Problem description ->
Within the material below, locate the line with "Массовые перебои в" and the line with "Tilda Cotton Beach", then return those two lines and all lines between them, exactly as written.

Information ->
----

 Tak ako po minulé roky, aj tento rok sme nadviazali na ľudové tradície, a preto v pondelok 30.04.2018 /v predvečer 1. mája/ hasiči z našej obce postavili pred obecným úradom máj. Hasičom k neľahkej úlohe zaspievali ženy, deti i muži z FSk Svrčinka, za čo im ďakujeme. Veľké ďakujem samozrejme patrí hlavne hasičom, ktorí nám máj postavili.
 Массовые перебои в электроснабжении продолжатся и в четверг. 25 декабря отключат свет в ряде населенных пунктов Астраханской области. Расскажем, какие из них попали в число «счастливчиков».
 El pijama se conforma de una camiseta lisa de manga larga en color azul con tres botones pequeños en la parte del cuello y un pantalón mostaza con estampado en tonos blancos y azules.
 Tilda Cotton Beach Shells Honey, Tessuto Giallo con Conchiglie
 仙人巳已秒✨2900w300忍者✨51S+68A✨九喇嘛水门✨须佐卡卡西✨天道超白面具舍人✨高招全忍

----

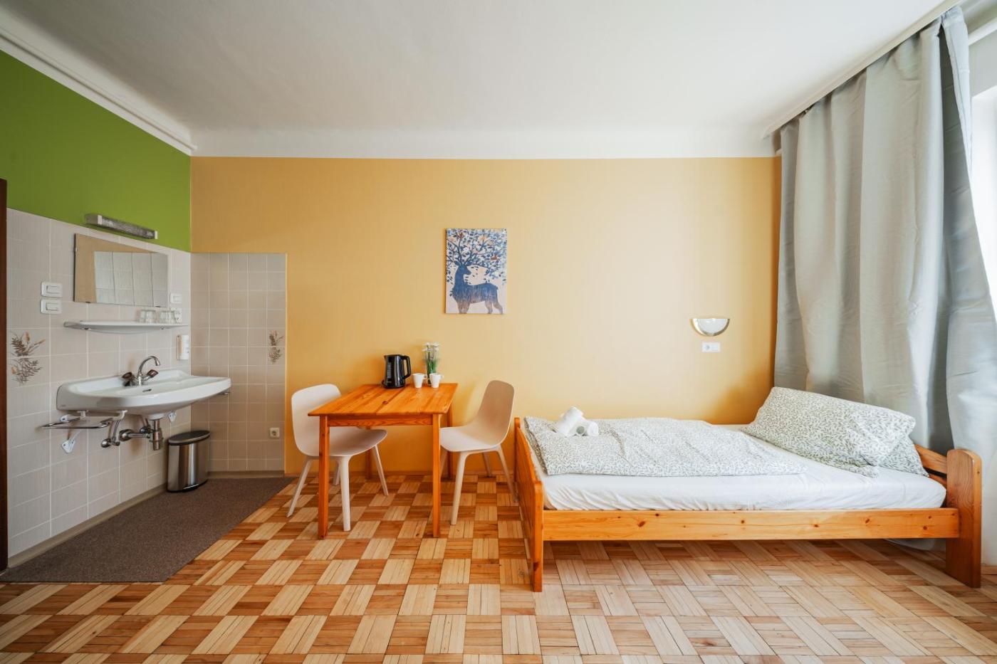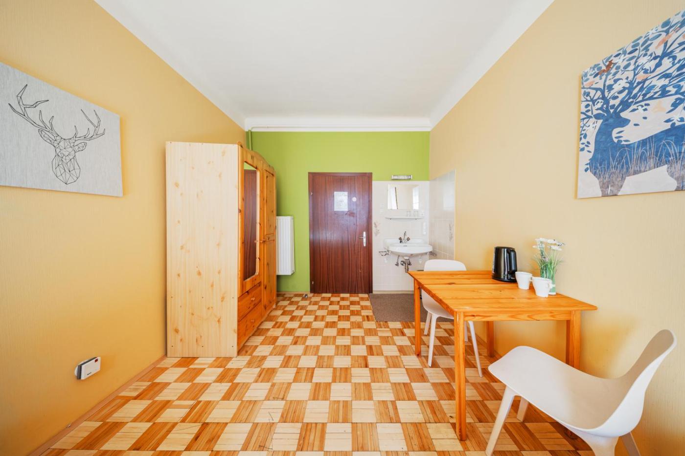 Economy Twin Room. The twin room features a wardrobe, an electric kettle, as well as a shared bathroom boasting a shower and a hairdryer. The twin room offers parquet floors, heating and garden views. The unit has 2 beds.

----

Solution ->
 Массовые перебои в электроснабжении продолжатся и в четверг. 25 декабря отключат свет в ряде населенных пунктов Астраханской области. Расскажем, какие из них попали в число «счастливчиков».
 El pijama se conforma de una camiseta lisa de manga larga en color azul con tres botones pequeños en la parte del cuello y un pantalón mostaza con estampado en tonos blancos y azules.
 Tilda Cotton Beach Shells Honey, Tessuto Giallo con Conchiglie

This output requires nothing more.